Priorities for the new First Minister in building a gender equal economy
With many reflecting on the challenges ahead for Scotland’s new First Minister, this blog shares some of SWBG’s priorities for building a gender equal economy in Scotland.
During the leadership campaign Humza Yousaf made important commitments to expanding Scotland’s childcare offer to 1- and 2-year olds, starting from his first budget. Investment in childcare is a critical part of building a caring, gender equal economy. The UK has amongst the highest childcare costs across OECD countries. These costs keep parents, mostly mothers, out of employment; place huge financial burdens on families and are a driving factor in high poverty rates amongst single parents.
We look forward to seeing these commitments delivered within the next budget. We’ll be looking to hear from women across Scotland to support with our pre-budget advocacy later in the year. We’ll be running an update on last year’s survey that looked at how delivery of the 1,140 hours childcare commitment for 3- and 4-year olds was working for women, which showed that lack of flexibility in how these were delivered impacted on how beneficial they could be for women.

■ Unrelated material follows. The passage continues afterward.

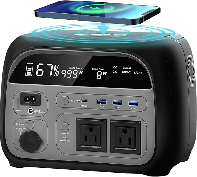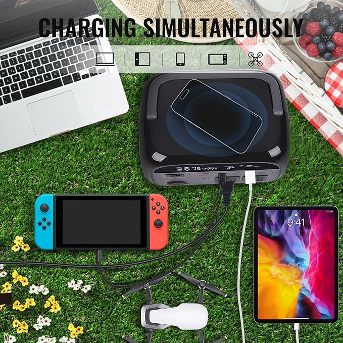 - 【MULTI-OUTPUT】- The wireless charging and 8 output ports could be used at the same time. USB ports are compatible for all the mobile phones, tablets, laptops and drones, it’s an essential unit for camping trip. The two AC output ports will power home appliances, such as small TVs, game consoles, projectors, etc. The car DC charger output will supply power to car fridge, vacuum cleaner, and air compressor, this camping battery power station will keep your essential devices powered on the go or during a home power outage
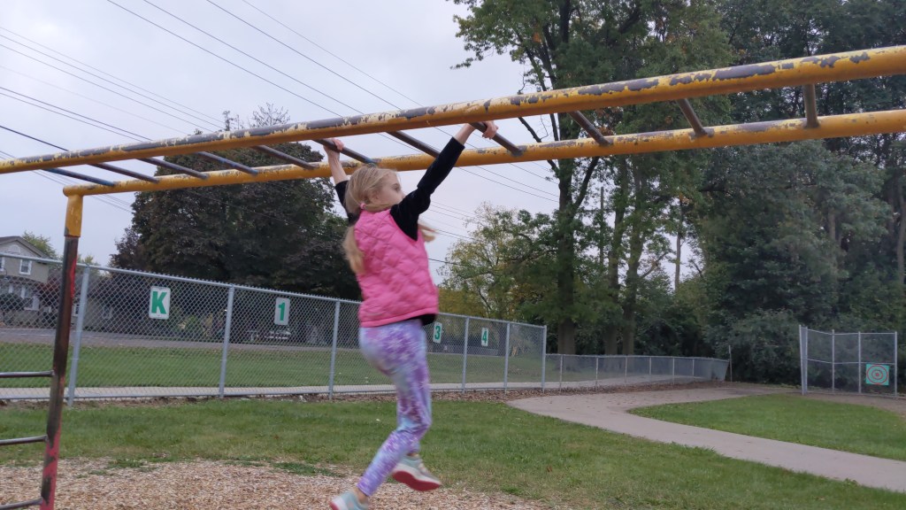 October 5, 2021: My height might be catching up to Jameson, but she still has really long arms. I think it’s from playing on the monkey bars all the time. I’m still learning to do them, but she’s like an expert. The problem is I’m not a big fan of heights or falling, my arms are short, and I’m tickly when daddy tries to help me. I’ll keep practicing.

On top of this, urgent investment is needed in social care, formerly under Mr Yousaf’s Cabinet Secretary brief. The new First Minister declared that recovery and reform of the NHS and vital public services was an immediate priority in the job. Substantial investment in Scotland's social care support services needs to be part of this priority. As news recently broke of cuts to social care services funding in Glasgow and moves to outsource staff in West Lothian, the urgency of this is increasing if we are to address Scotland’s already crumbling social care services. A long-term strategy to further invest and improve social care support services to meet currently unmet needs; provide fair and well-paid work; and support people to meet their human rights is essential. The proposal made by the Scotland that Cares Campaign for a national outcome on care within the National Performance Framework to ensure action is driven to fully value and invest in care is one part of long-term change. Proposed cuts to services will make it even harder to create a National Care Service that transforms delivery of social care. SWBG research shows how much investment we believe is necessary to transform social care support in Scotland. Investing in care is about political decisions and we hope to see the new First Minister and his Cabinet take bold action to value, recognise and invest in Scotland’s care support services.
When dealing with the cost of living crisis, recognising the unequal impact of rising prices is critical. Our recent research with the Poverty Alliance on the impact of rising costs for women on low incomes highlights some recommendations needed from national to community level. These not only include short term relief measures but longer-term investment in areas such as care which are necessary to support long term recovery for people, communities and the economy. As debt rises for people the long-term outlook on how to provide solutions will be critical.
Humza Yousaf’s commitments to championing the rights of women and girls need to extend to how budget decisions are made. Bringing gender analysis into the process of budget setting and economic planning will help to tackle entrenched gender inequalities.
During the leadership contest SWBG joined with partners across the women’s sector in Scotland for candidates to commit to a range of measures to build a fairer more equal Scotland. Including investing in areas outlined in this blog, as well as, key commitments on ending violence against women and girls, protecting women’s right to abortion and incorporation of international convention, CEDAW, into the Human Rights Bill in Scotland. See more detail on these commitments in the full letter.
Along with our partners across the women’s sector we will continue championing these areas and seeking change to build a gender equal economy in Scotland.